### Data for processing
BEGIN
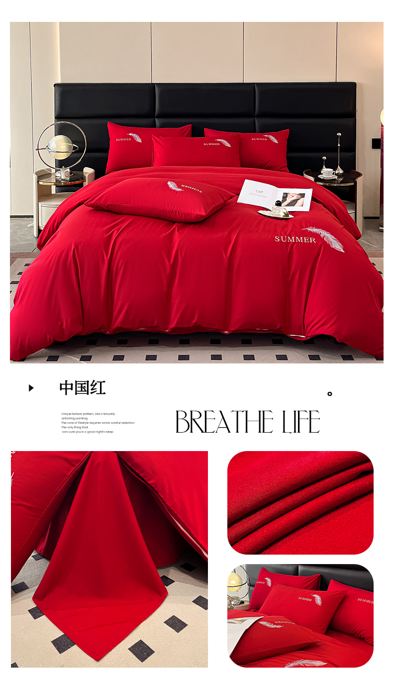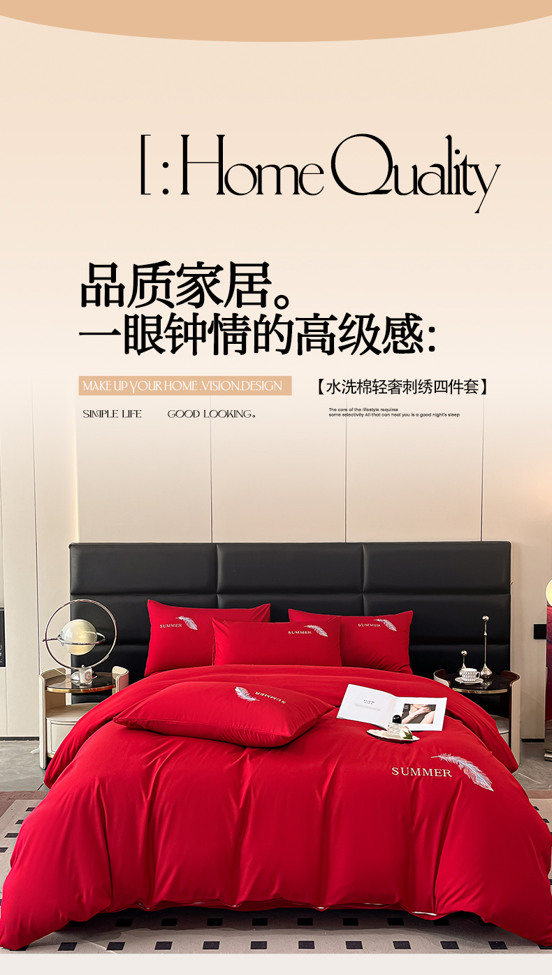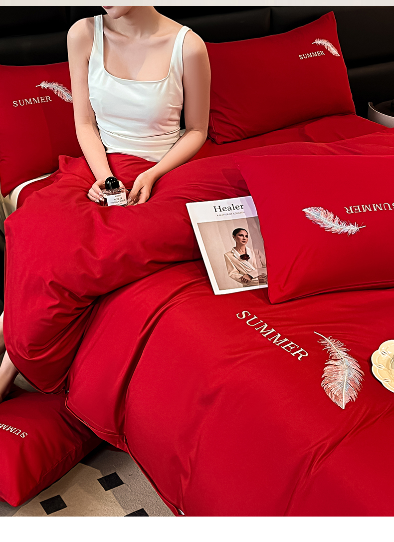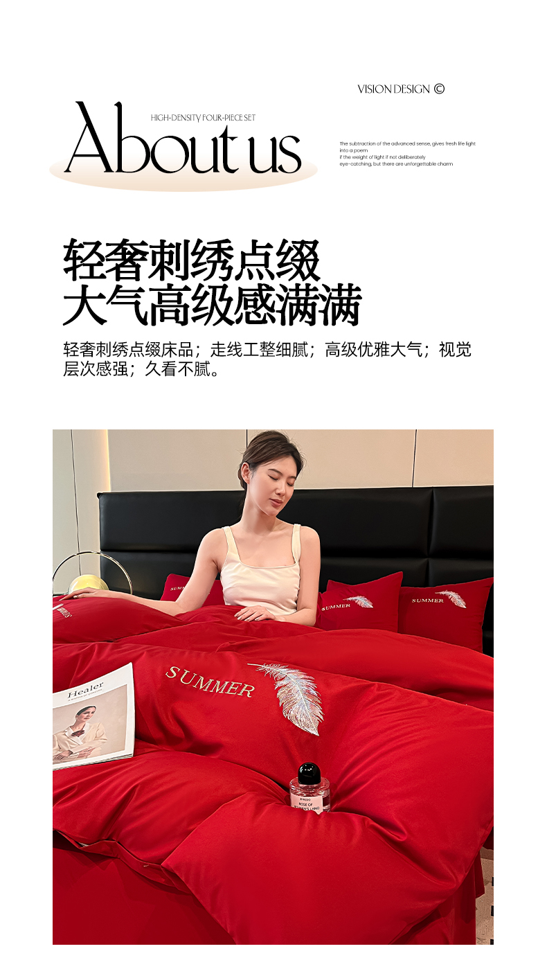 当前位置: 91家纺网 > 商品网购 > 床品套件 > 四件套 > 水洗棉四件套 > 火麒麟 2025新款亲肤水洗棉轻奢刺绣四件套-彩羽系列 彩羽-中国红
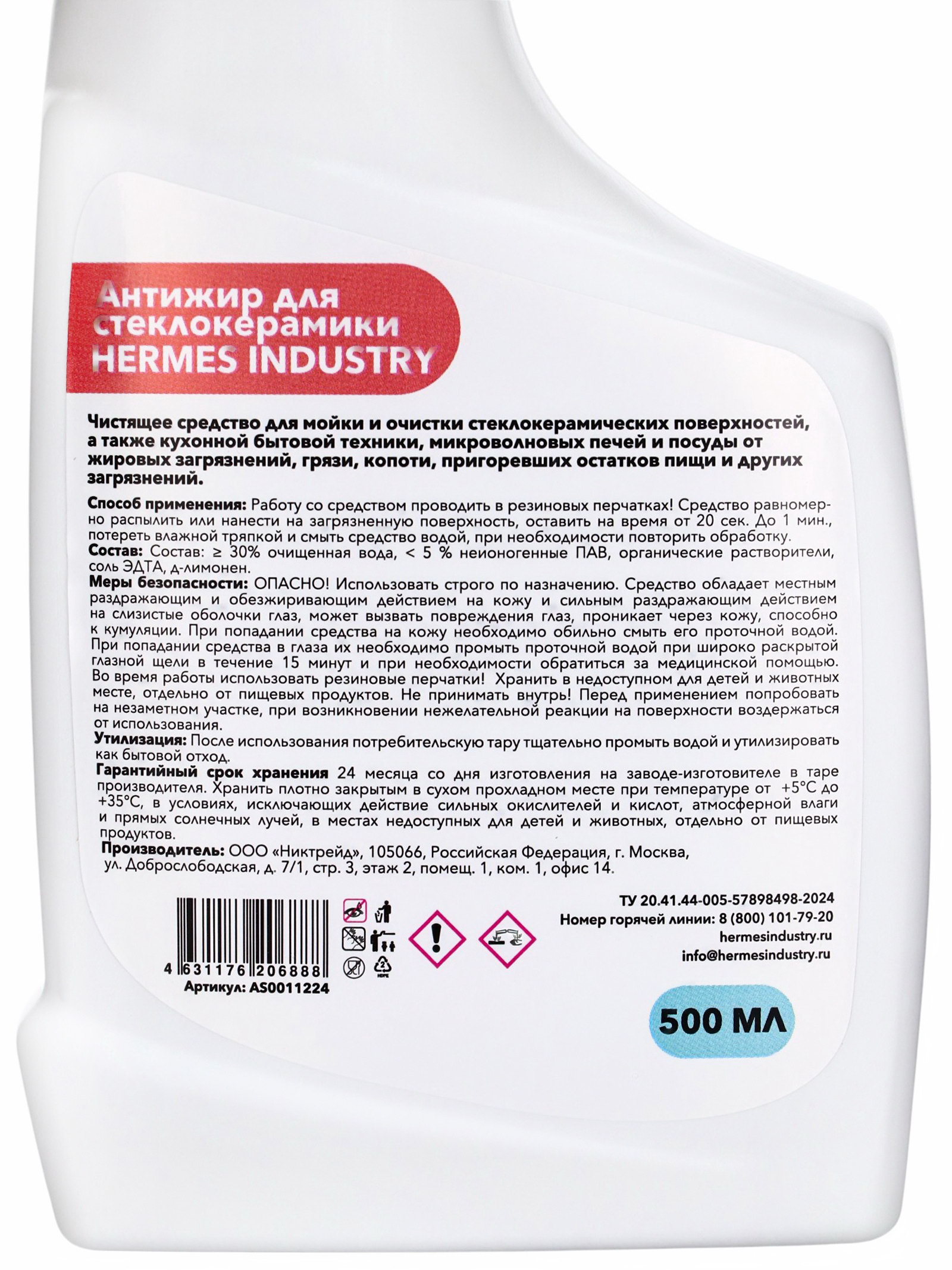 Антижир для стеклокерамики 500 мл, 500 мл., Hermes industry, Россия
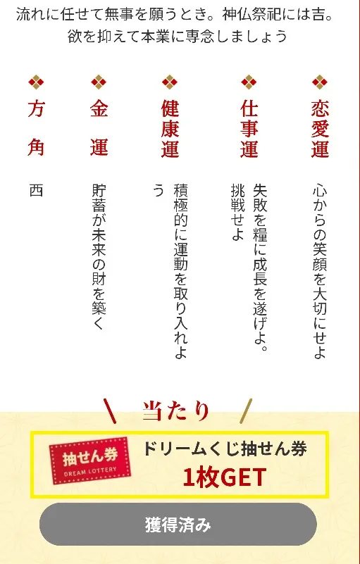「大吉」のみ1ポイントで、他は「抽せん券」がゲットできます
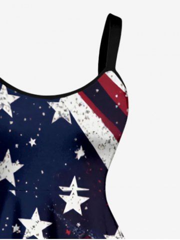 Plus Size Patriotic American Flag Paint Splatter Print Tank Dress - Deep Blue - 3x
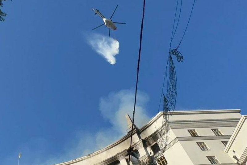 На момент написания новости пожар в здании Кабмина был локализован, но не потушен.
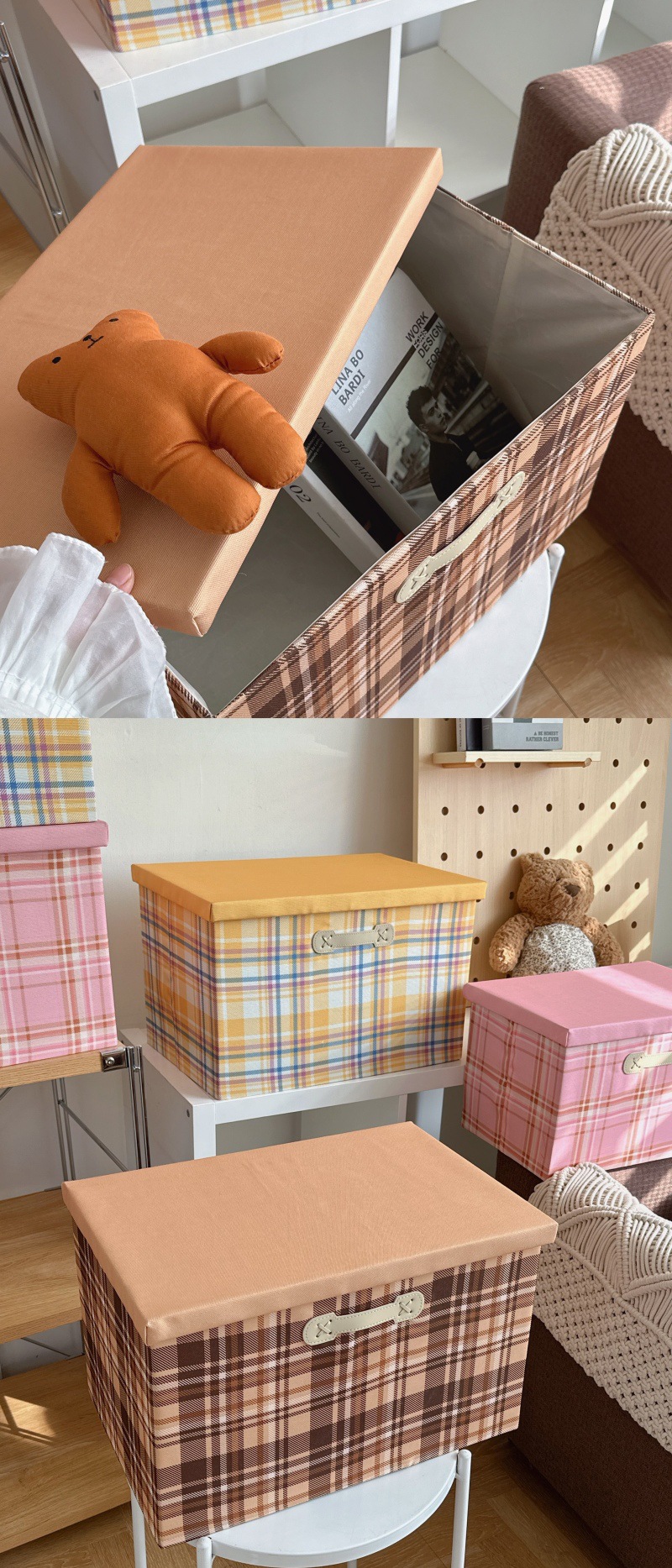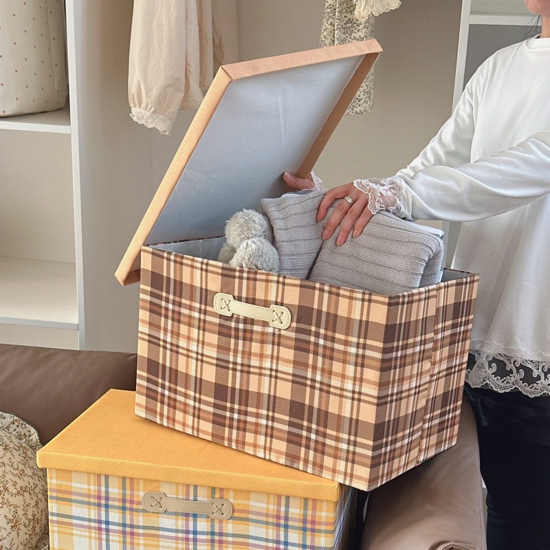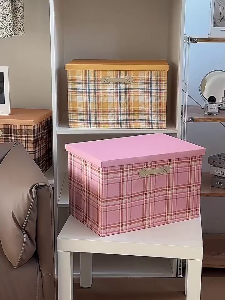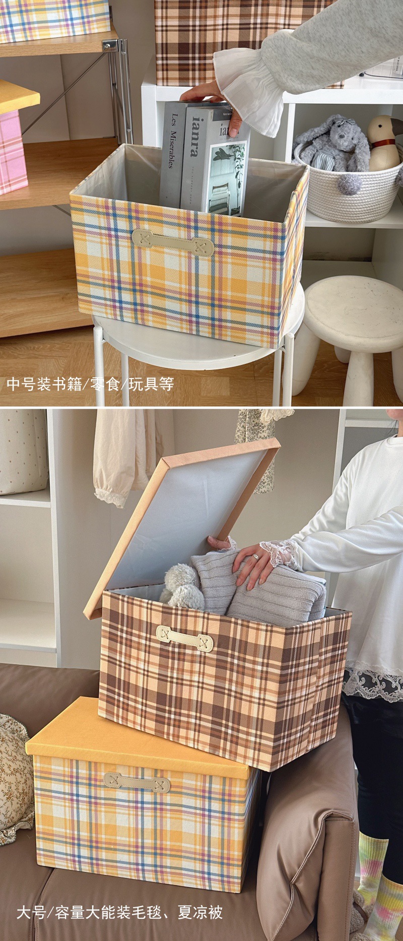 格子折叠收纳箱大容量布艺衣柜衣物整理筐书本收纳盒后备箱储物箱
END
### Work instruction
Quote the data above in full and without alteration; skip the pictures.

### Result for this exercise
 当前位置: 91家纺网 > 商品网购 > 床品套件 > 四件套 > 水洗棉四件套 > 火麒麟 2025新款亲肤水洗棉轻奢刺绣四件套-彩羽系列 彩羽-中国红
 Антижир для стеклокерамики 500 мл, 500 мл., Hermes industry, Россия
「大吉」のみ1ポイントで、他は「抽せん券」がゲットできます
 Plus Size Patriotic American Flag Paint Splatter Print Tank Dress - Deep Blue - 3x
 На момент написания новости пожар в здании Кабмина был локализован, но не потушен.
 格子折叠收纳箱大容量布艺衣柜衣物整理筐书本收纳盒后备箱储物箱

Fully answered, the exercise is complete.